For video signal performance please see below for goggle DVR recording comparing the stock VTX on 25mW and 100mW compared to the AKK Infinite VTX running 25mW, 200mW, 600mW, 1000mW. A quick spoiler: 1000mW was unstable. This is likely because of the load the VTX and DVR units place on the 5v flight controller BEC (which also supplies the camera). 2 solutions here - run at 600mW or below or power the VTX from the VCC pad (picture below) instead of the 5V supply used by the stock VTX. This gives the VTX full access to battery power which is fine since it is rated up to 26v. For me I'll run 200mW maximum since I don't like to overload BEC circuits since it can make weird things happen - FC brown out, flickering OSD etc.
Update December 2018: I now recommend using vbat/vcc to power the vtx as covered here.
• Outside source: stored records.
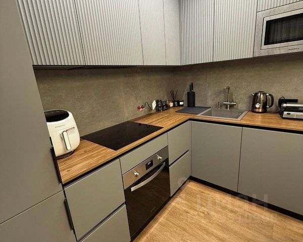 Кухня - полы керамогранит, теплый пол(так же управляется по Wi Fi). Стены-ротбанд по маякам. Кондиционер. Новый гарнитур, встроенная варочная поверхность, дорогая сантехника, мойка гранит.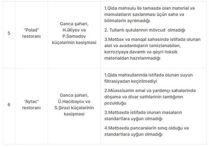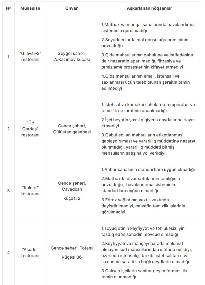 Gəncə və Göygöldəki restoranlarda yoxalama aparılır, nöqsanlar aşkar edilib - SİYAHI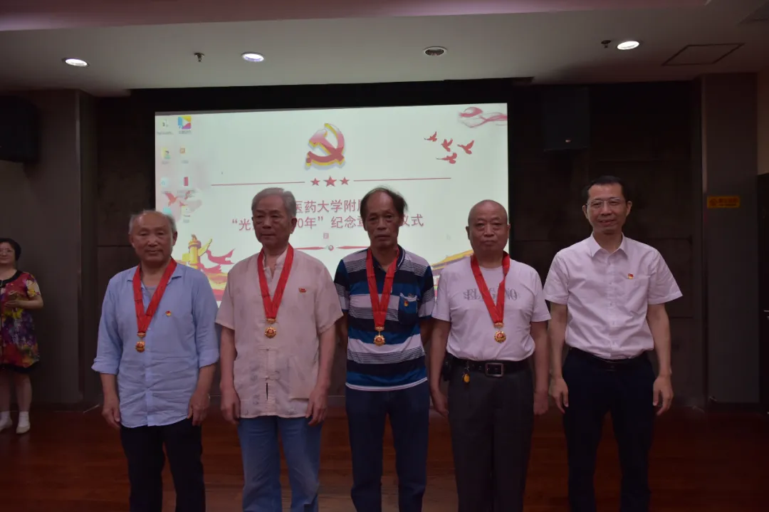 江西中医药大学党委委员、副校长、附属医院党委书记章德林一一为50年以上党龄的医院老党员颁发“光荣在党50年”纪念章。

Overall for me video performance was comparable. The AKK VTX does however offer greatly improved functionality:
I'd definitely recommend changing the VTX for a different unit that supports Smart Audio if your VTX is not working as well as you'd like, but as you can see above it does take some planning and work. Even if it is working well some of the extra features that can be had on more modern VTXs may be worth the jump especially if you are confident with this type of work. Even if you aren't confident this guide should hopefully help you. AKK tend to make a good budget VTX with a lot of features but you can subsitute your favourite model here easily enough.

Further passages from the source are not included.